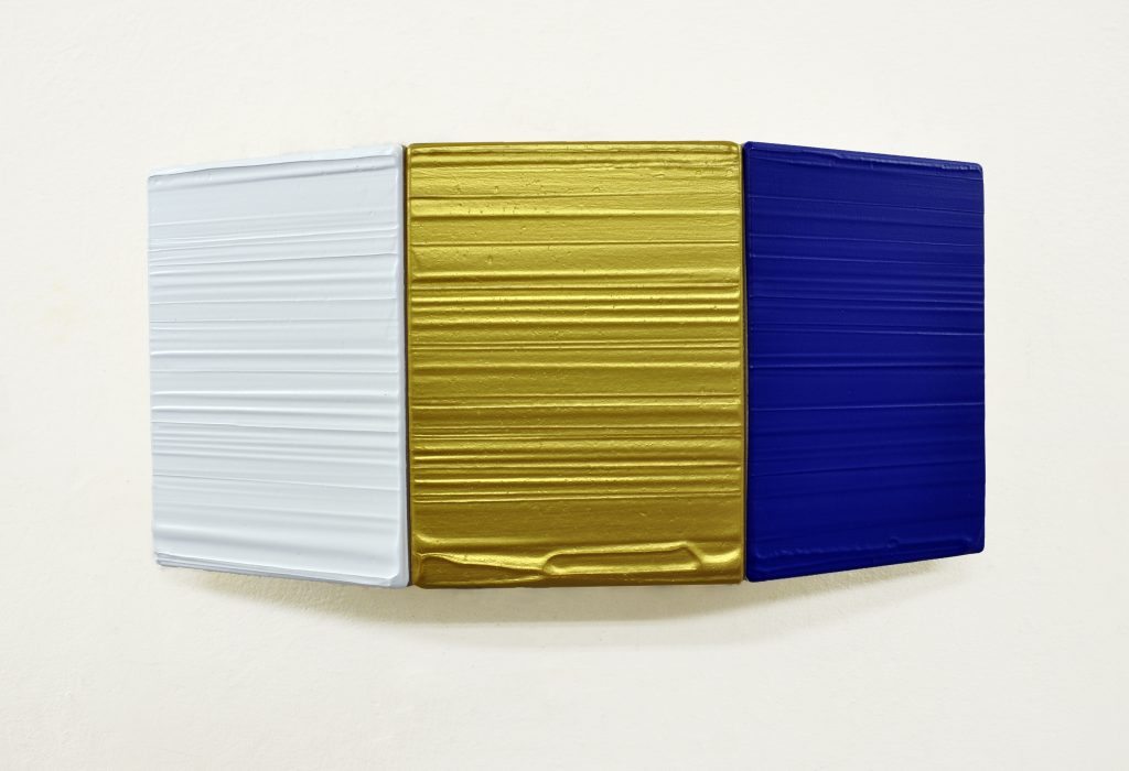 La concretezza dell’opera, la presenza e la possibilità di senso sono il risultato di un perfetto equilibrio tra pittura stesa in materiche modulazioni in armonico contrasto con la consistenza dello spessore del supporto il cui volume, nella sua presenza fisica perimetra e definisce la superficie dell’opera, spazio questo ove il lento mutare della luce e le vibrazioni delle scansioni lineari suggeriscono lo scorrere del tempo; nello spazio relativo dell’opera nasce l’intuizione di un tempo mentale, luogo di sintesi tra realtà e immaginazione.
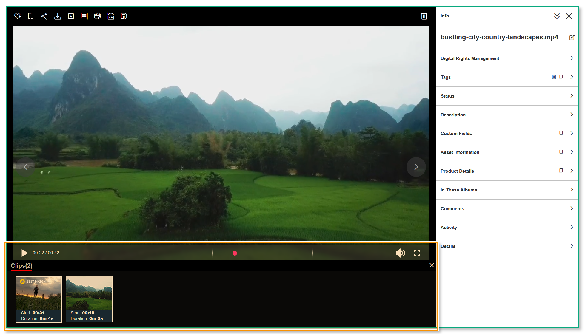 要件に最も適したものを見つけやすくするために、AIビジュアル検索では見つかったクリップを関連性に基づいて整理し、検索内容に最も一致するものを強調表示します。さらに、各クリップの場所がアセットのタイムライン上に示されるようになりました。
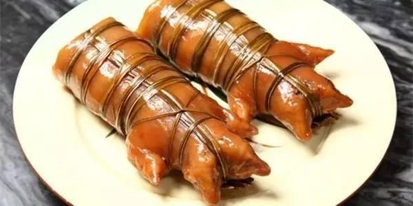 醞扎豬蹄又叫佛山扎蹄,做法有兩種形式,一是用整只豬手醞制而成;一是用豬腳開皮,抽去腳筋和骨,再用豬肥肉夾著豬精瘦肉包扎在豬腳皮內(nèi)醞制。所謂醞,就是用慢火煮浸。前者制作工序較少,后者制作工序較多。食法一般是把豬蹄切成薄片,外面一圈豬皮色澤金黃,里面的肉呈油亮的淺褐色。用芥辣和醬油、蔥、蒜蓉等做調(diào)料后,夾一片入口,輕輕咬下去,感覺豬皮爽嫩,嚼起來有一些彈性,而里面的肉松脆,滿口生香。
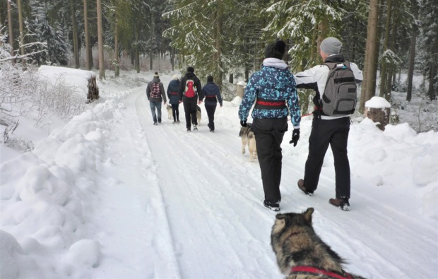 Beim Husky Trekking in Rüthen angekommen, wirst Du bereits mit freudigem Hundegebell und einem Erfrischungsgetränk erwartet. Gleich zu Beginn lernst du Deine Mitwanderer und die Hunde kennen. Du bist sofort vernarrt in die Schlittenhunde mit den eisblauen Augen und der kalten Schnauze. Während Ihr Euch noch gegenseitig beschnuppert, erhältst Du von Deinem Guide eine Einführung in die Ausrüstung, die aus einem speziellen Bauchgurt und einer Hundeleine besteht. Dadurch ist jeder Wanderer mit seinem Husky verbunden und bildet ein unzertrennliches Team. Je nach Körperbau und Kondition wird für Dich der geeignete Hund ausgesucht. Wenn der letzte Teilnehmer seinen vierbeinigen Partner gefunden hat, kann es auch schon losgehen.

**PROBLEM TO WORK ON:** Leave the pictures out and please restate exactly the lines running from the start of the material through the one with "醞扎豬蹄又叫佛山扎蹄,做法有".

**EXERCISE RESPONSE:**
 La concretezza dell’opera, la presenza e la possibilità di senso sono il risultato di un perfetto equilibrio tra pittura stesa in materiche modulazioni in armonico contrasto con la consistenza dello spessore del supporto il cui volume, nella sua presenza fisica perimetra e definisce la superficie dell’opera, spazio questo ove il lento mutare della luce e le vibrazioni delle scansioni lineari suggeriscono lo scorrere del tempo; nello spazio relativo dell’opera nasce l’intuizione di un tempo mentale, luogo di sintesi tra realtà e immaginazione.
 要件に最も適したものを見つけやすくするために、AIビジュアル検索では見つかったクリップを関連性に基づいて整理し、検索内容に最も一致するものを強調表示します。さらに、各クリップの場所がアセットのタイムライン上に示されるようになりました。
 醞扎豬蹄又叫佛山扎蹄,做法有兩種形式,一是用整只豬手醞制而成;一是用豬腳開皮,抽去腳筋和骨,再用豬肥肉夾著豬精瘦肉包扎在豬腳皮內(nèi)醞制。所謂醞,就是用慢火煮浸。前者制作工序較少,后者制作工序較多。食法一般是把豬蹄切成薄片,外面一圈豬皮色澤金黃,里面的肉呈油亮的淺褐色。用芥辣和醬油、蔥、蒜蓉等做調(diào)料后,夾一片入口,輕輕咬下去,感覺豬皮爽嫩,嚼起來有一些彈性,而里面的肉松脆,滿口生香。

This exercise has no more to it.